• Exercise instructions
Find the line with "6月本地户籍人口失业率5.1%,高于5月的5.1%,结束连续3个月下降。" in the records below. Copy it and every line after it, up to and including the line with "These 4-wheel turntable".
Input for this task Start Marker
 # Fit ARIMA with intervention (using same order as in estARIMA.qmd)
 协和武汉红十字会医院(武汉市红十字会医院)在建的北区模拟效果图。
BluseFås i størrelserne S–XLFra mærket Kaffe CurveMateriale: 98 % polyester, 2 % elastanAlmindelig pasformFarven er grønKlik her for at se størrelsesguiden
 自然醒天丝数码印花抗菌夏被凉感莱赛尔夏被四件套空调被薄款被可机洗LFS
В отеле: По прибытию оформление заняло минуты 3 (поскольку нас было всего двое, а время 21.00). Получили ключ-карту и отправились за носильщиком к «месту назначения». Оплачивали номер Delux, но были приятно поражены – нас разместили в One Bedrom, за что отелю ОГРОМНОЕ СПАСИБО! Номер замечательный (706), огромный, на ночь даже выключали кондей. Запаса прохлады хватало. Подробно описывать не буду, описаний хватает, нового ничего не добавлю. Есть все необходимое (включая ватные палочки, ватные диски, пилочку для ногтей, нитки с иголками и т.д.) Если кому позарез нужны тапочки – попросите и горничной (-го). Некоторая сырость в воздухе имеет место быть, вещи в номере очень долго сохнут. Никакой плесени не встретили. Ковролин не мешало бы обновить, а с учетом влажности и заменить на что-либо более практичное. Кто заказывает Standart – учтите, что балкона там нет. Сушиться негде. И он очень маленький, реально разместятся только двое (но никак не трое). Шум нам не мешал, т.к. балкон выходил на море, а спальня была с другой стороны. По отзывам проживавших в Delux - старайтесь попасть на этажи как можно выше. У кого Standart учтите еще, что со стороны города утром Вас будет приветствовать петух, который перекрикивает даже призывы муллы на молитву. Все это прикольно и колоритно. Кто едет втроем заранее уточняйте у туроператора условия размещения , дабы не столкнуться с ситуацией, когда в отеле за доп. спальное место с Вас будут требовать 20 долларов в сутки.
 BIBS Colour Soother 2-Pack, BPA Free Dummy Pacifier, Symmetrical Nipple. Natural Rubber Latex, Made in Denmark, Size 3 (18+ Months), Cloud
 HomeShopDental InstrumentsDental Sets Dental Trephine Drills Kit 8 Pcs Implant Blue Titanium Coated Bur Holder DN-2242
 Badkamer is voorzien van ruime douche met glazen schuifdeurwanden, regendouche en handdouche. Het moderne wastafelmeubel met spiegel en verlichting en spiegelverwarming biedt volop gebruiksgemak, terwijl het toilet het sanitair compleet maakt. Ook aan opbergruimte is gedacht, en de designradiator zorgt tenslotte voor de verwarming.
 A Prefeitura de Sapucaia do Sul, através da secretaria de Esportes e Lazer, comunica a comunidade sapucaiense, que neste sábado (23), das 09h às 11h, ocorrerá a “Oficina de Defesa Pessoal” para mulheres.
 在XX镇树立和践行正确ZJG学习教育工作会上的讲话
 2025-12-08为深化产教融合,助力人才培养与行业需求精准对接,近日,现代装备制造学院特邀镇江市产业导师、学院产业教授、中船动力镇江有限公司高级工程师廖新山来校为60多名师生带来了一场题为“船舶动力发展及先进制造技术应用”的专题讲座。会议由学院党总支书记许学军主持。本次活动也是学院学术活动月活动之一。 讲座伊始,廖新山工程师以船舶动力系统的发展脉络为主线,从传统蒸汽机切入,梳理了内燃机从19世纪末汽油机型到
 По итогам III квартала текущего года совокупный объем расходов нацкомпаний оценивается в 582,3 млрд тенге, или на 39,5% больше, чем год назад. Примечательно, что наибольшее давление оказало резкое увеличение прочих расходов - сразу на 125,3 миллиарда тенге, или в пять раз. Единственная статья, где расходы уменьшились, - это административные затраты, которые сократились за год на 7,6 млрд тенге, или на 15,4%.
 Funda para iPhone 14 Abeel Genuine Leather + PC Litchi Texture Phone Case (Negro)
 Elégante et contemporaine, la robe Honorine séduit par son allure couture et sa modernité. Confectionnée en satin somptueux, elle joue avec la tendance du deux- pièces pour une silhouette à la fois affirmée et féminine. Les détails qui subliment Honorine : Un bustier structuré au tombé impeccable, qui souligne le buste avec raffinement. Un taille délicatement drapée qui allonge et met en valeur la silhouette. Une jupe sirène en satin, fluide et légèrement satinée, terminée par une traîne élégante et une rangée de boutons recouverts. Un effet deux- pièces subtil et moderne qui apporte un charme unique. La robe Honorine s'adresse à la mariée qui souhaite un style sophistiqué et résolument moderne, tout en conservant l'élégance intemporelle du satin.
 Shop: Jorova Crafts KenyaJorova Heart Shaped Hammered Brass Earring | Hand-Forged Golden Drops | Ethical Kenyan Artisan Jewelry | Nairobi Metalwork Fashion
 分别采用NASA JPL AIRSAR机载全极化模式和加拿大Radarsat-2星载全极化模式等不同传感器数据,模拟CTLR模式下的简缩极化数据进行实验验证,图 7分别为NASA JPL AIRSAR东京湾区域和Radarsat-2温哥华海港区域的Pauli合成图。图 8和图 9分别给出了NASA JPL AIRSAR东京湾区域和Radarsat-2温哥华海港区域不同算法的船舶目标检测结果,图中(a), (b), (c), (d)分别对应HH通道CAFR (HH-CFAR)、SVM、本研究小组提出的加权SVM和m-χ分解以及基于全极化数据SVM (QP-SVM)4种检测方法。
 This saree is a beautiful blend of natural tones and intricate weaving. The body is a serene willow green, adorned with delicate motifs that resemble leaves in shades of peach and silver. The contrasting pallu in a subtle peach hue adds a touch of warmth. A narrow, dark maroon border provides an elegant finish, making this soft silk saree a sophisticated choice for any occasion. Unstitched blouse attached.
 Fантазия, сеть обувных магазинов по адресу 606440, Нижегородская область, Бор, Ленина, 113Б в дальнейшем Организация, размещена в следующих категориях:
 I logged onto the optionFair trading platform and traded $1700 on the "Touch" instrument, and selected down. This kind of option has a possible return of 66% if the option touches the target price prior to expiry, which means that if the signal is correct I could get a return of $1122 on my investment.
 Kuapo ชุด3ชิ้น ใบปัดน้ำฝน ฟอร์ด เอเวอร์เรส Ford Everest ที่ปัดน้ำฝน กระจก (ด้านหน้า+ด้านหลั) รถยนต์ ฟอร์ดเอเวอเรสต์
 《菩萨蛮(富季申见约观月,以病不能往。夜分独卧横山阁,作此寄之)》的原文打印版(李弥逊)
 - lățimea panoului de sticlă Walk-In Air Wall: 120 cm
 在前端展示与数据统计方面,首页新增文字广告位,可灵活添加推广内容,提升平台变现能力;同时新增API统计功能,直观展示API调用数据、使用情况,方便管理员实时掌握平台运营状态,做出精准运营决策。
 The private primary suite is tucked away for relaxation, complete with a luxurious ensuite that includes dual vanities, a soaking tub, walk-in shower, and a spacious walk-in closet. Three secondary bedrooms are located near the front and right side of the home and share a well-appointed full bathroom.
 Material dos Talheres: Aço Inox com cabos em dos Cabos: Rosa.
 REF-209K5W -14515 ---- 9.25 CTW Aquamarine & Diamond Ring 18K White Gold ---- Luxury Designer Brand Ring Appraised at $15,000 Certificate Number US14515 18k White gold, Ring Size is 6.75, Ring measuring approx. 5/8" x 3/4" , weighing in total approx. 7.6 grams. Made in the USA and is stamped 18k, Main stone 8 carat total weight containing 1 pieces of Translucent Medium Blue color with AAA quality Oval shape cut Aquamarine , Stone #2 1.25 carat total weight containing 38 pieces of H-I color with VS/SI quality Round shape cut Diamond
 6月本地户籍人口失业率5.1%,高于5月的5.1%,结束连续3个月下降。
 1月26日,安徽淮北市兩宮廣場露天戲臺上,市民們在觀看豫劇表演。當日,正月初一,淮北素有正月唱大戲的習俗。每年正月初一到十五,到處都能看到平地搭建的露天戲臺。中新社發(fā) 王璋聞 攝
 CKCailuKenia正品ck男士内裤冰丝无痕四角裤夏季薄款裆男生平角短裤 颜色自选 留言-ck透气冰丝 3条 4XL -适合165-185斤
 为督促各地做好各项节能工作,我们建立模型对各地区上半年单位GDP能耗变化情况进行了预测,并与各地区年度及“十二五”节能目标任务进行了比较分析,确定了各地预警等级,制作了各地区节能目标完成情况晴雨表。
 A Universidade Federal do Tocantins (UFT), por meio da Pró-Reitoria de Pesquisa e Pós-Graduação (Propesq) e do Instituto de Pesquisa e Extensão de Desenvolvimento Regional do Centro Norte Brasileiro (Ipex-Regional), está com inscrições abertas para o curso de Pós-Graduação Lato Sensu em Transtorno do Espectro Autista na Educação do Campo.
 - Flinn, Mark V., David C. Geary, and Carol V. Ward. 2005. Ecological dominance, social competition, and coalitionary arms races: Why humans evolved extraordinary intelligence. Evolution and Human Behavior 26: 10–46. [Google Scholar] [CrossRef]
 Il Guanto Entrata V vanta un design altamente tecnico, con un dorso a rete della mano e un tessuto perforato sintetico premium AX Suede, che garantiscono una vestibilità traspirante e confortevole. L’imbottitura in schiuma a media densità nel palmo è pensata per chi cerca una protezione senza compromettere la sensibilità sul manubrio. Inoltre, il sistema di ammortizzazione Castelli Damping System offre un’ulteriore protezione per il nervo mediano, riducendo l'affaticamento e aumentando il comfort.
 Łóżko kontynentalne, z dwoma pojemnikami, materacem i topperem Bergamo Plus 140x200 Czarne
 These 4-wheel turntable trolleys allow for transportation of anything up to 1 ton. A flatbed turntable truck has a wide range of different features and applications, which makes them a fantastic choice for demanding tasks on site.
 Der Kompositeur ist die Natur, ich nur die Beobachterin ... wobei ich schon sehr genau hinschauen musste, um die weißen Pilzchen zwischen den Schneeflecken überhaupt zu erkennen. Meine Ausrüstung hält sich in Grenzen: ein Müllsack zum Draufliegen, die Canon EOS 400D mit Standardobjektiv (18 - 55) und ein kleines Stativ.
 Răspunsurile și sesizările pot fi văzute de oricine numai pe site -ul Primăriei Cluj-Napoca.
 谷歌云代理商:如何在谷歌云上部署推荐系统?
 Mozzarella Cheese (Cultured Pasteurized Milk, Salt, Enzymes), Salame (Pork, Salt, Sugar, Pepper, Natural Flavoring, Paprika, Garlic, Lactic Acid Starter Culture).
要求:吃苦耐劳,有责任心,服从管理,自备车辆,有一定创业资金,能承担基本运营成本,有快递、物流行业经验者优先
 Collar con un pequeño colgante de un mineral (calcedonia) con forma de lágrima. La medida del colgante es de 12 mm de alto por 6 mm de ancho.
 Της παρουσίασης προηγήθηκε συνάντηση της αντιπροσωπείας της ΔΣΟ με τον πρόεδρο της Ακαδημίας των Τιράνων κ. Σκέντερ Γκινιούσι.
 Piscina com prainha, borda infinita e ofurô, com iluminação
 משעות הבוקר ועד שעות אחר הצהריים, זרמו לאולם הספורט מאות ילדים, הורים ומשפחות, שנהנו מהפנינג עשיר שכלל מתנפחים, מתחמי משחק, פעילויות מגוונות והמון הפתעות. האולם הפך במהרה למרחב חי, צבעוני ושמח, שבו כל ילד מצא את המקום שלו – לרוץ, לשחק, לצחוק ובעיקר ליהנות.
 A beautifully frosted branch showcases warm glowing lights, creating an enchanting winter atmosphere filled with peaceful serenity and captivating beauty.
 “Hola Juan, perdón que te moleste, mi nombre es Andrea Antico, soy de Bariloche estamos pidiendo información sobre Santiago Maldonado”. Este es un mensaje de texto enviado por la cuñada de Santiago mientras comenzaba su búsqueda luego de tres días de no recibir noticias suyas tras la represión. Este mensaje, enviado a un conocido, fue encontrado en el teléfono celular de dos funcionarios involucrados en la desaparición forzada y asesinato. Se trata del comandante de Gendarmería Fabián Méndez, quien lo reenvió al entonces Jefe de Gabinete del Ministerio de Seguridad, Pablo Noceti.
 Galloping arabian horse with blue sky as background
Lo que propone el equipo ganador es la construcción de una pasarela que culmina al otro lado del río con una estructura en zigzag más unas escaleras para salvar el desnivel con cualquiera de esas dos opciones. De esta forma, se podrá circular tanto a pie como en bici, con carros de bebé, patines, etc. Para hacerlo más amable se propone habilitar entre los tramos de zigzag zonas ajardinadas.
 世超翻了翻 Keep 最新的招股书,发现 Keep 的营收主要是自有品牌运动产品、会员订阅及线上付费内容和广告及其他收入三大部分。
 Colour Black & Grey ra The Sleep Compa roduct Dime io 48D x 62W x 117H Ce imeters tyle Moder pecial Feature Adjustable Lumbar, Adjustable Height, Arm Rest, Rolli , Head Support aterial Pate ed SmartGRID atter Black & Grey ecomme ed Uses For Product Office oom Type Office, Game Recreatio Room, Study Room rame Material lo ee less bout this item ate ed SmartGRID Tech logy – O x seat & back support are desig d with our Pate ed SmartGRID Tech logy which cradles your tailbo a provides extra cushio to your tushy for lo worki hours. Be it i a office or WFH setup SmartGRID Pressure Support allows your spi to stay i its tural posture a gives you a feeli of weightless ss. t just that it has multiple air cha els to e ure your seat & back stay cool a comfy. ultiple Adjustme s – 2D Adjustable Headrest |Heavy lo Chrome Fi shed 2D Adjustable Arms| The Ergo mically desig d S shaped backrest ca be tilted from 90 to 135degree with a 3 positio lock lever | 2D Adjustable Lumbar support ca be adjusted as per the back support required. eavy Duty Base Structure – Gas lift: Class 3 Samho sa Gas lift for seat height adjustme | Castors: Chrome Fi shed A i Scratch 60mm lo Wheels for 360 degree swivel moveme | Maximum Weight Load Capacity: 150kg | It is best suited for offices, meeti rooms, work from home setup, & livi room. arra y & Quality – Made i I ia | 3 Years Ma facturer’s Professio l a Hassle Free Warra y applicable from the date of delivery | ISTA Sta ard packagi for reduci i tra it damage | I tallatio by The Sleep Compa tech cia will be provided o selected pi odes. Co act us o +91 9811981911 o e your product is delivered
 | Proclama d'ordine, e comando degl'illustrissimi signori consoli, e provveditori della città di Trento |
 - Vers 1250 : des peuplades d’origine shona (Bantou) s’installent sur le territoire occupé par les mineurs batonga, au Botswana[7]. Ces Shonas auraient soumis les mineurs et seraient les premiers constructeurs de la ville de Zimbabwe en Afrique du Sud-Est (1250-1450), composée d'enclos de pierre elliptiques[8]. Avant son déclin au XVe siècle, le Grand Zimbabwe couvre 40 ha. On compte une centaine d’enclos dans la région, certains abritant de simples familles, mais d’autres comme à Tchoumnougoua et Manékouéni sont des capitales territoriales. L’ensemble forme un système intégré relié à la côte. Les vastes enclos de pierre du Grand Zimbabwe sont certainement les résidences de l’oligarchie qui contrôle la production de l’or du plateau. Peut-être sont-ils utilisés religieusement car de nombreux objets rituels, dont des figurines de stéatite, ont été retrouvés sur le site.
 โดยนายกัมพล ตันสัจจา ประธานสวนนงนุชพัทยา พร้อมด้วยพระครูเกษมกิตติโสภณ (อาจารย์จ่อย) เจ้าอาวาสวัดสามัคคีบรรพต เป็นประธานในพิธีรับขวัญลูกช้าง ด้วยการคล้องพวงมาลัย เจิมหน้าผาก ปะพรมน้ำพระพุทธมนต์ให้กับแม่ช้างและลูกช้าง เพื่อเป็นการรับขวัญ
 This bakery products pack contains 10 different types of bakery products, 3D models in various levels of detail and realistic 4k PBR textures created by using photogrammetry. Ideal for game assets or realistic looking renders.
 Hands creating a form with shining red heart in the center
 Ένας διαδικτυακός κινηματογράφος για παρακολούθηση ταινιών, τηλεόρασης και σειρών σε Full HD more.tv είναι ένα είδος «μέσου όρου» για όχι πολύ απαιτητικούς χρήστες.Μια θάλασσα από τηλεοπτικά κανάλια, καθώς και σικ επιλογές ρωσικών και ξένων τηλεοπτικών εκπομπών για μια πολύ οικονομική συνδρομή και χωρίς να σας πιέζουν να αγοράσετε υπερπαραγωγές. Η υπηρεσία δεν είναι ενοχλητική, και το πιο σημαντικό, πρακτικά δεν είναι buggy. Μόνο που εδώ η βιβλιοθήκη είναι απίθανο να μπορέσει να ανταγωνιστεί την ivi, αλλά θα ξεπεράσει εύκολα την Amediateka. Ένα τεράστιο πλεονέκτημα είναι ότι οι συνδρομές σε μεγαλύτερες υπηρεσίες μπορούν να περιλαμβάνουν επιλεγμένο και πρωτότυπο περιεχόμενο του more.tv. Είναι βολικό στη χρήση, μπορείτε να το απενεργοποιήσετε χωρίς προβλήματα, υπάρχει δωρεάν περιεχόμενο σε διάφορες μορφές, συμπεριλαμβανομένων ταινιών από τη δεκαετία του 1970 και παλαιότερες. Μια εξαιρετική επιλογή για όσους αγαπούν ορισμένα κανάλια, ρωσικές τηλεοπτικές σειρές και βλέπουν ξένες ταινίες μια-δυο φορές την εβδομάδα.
Input for this task End Marker
• Output below
 6月本地户籍人口失业率5.1%,高于5月的5.1%,结束连续3个月下降。
 1月26日,安徽淮北市兩宮廣場露天戲臺上,市民們在觀看豫劇表演。當日,正月初一,淮北素有正月唱大戲的習俗。每年正月初一到十五,到處都能看到平地搭建的露天戲臺。中新社發(fā) 王璋聞 攝
 CKCailuKenia正品ck男士内裤冰丝无痕四角裤夏季薄款裆男生平角短裤 颜色自选 留言-ck透气冰丝 3条 4XL -适合165-185斤
 为督促各地做好各项节能工作,我们建立模型对各地区上半年单位GDP能耗变化情况进行了预测,并与各地区年度及“十二五”节能目标任务进行了比较分析,确定了各地预警等级,制作了各地区节能目标完成情况晴雨表。
 A Universidade Federal do Tocantins (UFT), por meio da Pró-Reitoria de Pesquisa e Pós-Graduação (Propesq) e do Instituto de Pesquisa e Extensão de Desenvolvimento Regional do Centro Norte Brasileiro (Ipex-Regional), está com inscrições abertas para o curso de Pós-Graduação Lato Sensu em Transtorno do Espectro Autista na Educação do Campo.
 - Flinn, Mark V., David C. Geary, and Carol V. Ward. 2005. Ecological dominance, social competition, and coalitionary arms races: Why humans evolved extraordinary intelligence. Evolution and Human Behavior 26: 10–46. [Google Scholar] [CrossRef]
 Il Guanto Entrata V vanta un design altamente tecnico, con un dorso a rete della mano e un tessuto perforato sintetico premium AX Suede, che garantiscono una vestibilità traspirante e confortevole. L’imbottitura in schiuma a media densità nel palmo è pensata per chi cerca una protezione senza compromettere la sensibilità sul manubrio. Inoltre, il sistema di ammortizzazione Castelli Damping System offre un’ulteriore protezione per il nervo mediano, riducendo l'affaticamento e aumentando il comfort.
 Łóżko kontynentalne, z dwoma pojemnikami, materacem i topperem Bergamo Plus 140x200 Czarne
 These 4-wheel turntable trolleys allow for transportation of anything up to 1 ton. A flatbed turntable truck has a wide range of different features and applications, which makes them a fantastic choice for demanding tasks on site.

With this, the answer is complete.